◆ EXERCISE OBJECTIVE ◆
The result should hold only the lines from the one with "家居服套装 秋鹿柔软纯棉睡衣女士春秋V领法式 碎花蕾丝花边七分袖" through the final line of the data below, transcribed exactly, pictures left out.

------ INFORMATION SHOWN

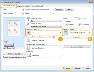En [Formato de página], seleccione el número de páginas que desee imprimir en una única hoja
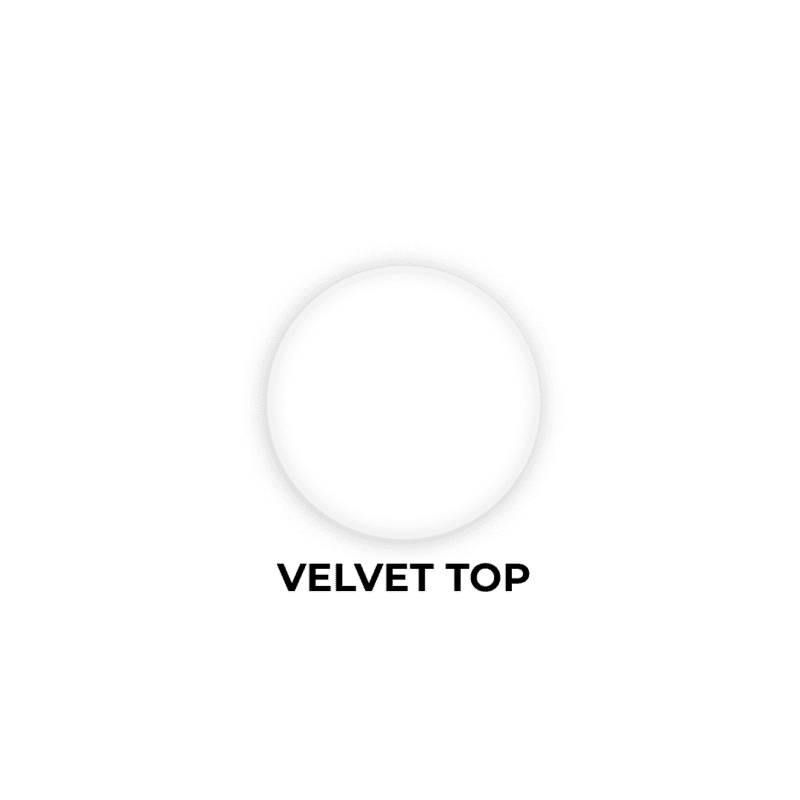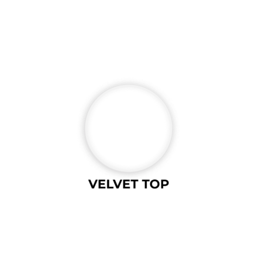 Le top Velvet, mat, a une texture soyeuse, sans couche de dispersion, dédiée à l’application du vernis semi-permanent. Ses qualités le rendent adapté à toutes les techniques de travail : vernis semi-permanent, gel ou polygel. Il a une forte brillance qui ne s’estompe pas avec le temps.
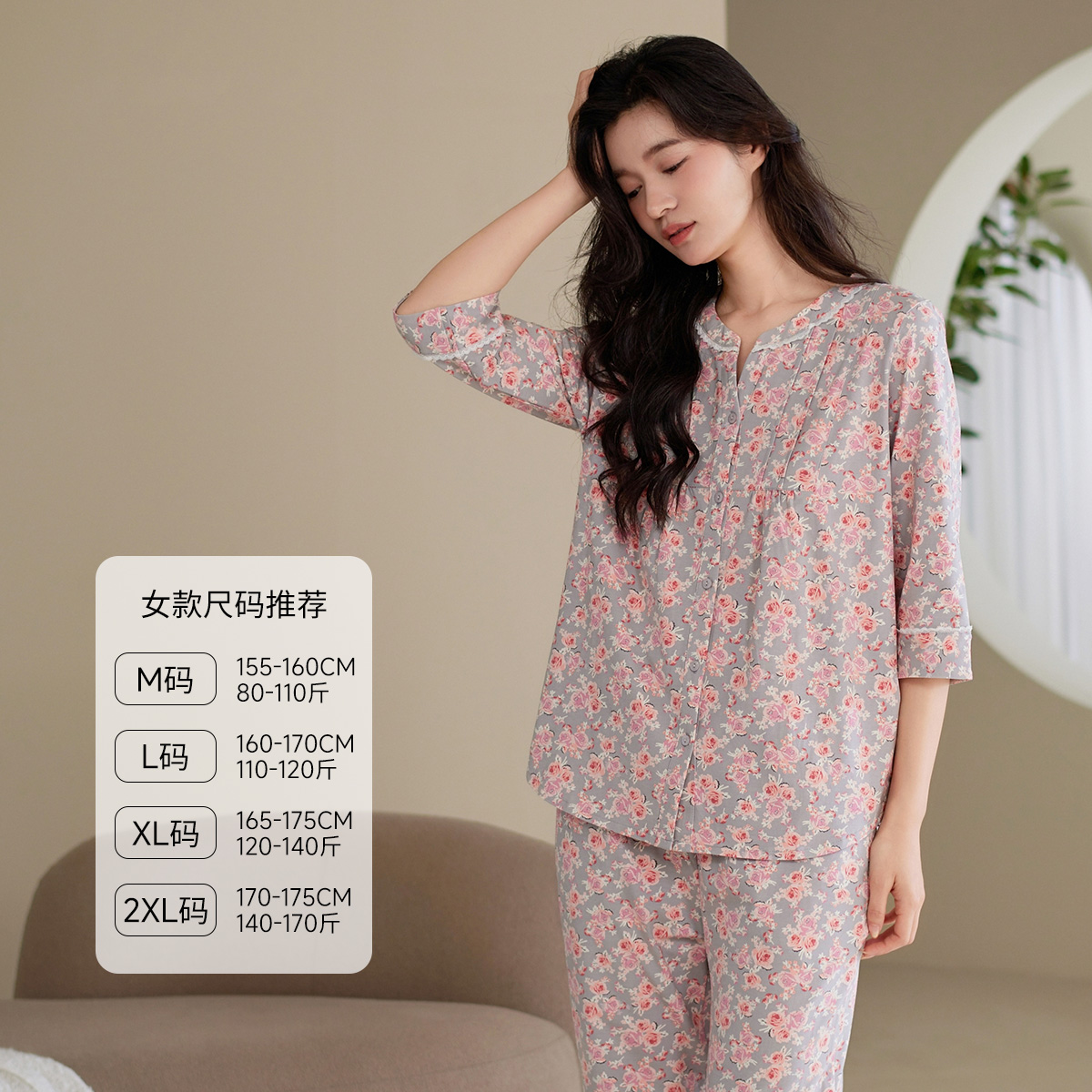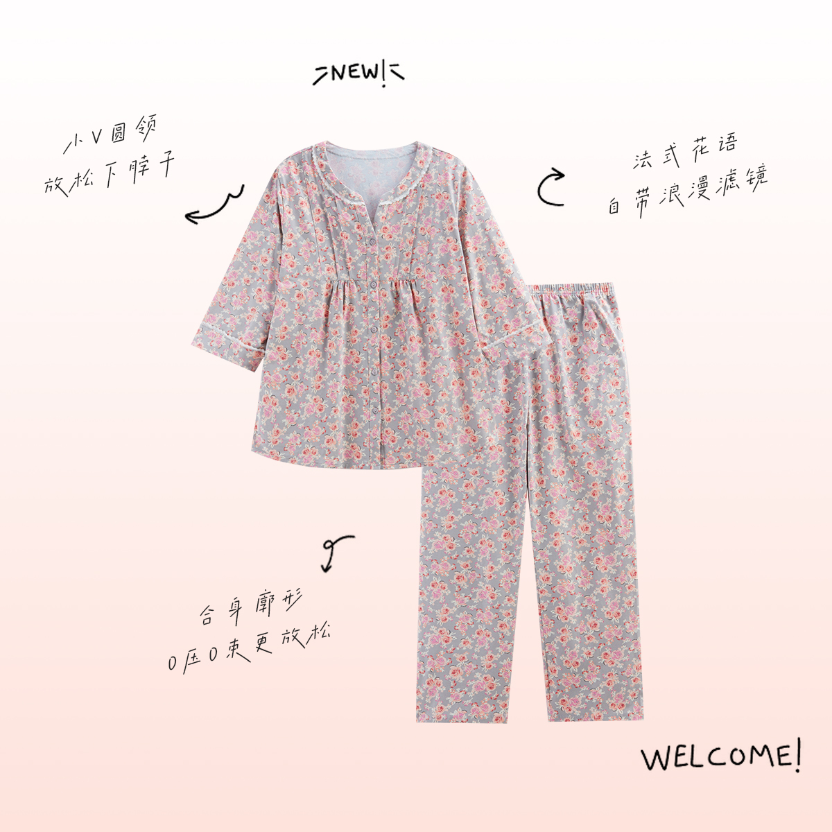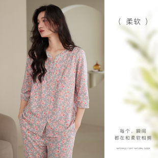 家居服套装 秋鹿柔软纯棉睡衣女士春秋V领法式 碎花蕾丝花边七分袖
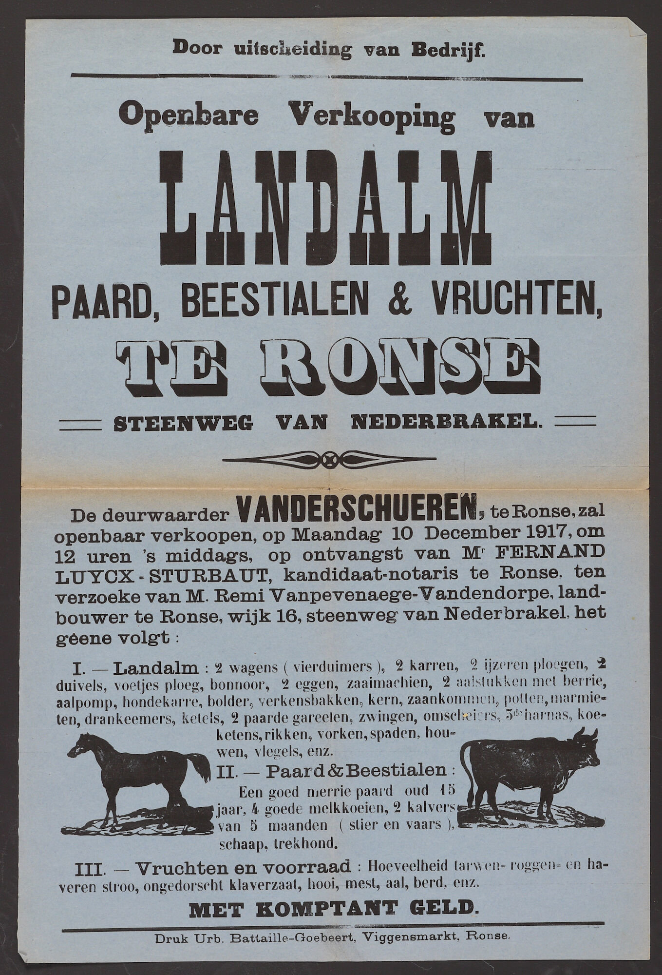 - opschriften: Door uitscheiding van Bedrijf. / Openbare Verkooping van / landalm / paard, beestialen & vruchten, / te Ronse / Steenweg van Nederbrakel. / De deurwaarder Vanderschueren, te Ronse, zal / openbaar verkoopen, op Maandag 10 December 1917, om / 12 uren 's mid

------------

◆ RESPONSE TO THE TASK ◆
 家居服套装 秋鹿柔软纯棉睡衣女士春秋V领法式 碎花蕾丝花边七分袖
 - opschriften: Door uitscheiding van Bedrijf. / Openbare Verkooping van / landalm / paard, beestialen & vruchten, / te Ronse / Steenweg van Nederbrakel. / De deurwaarder Vanderschueren, te Ronse, zal / openbaar verkoopen, op Maandag 10 December 1917, om / 12 uren 's mid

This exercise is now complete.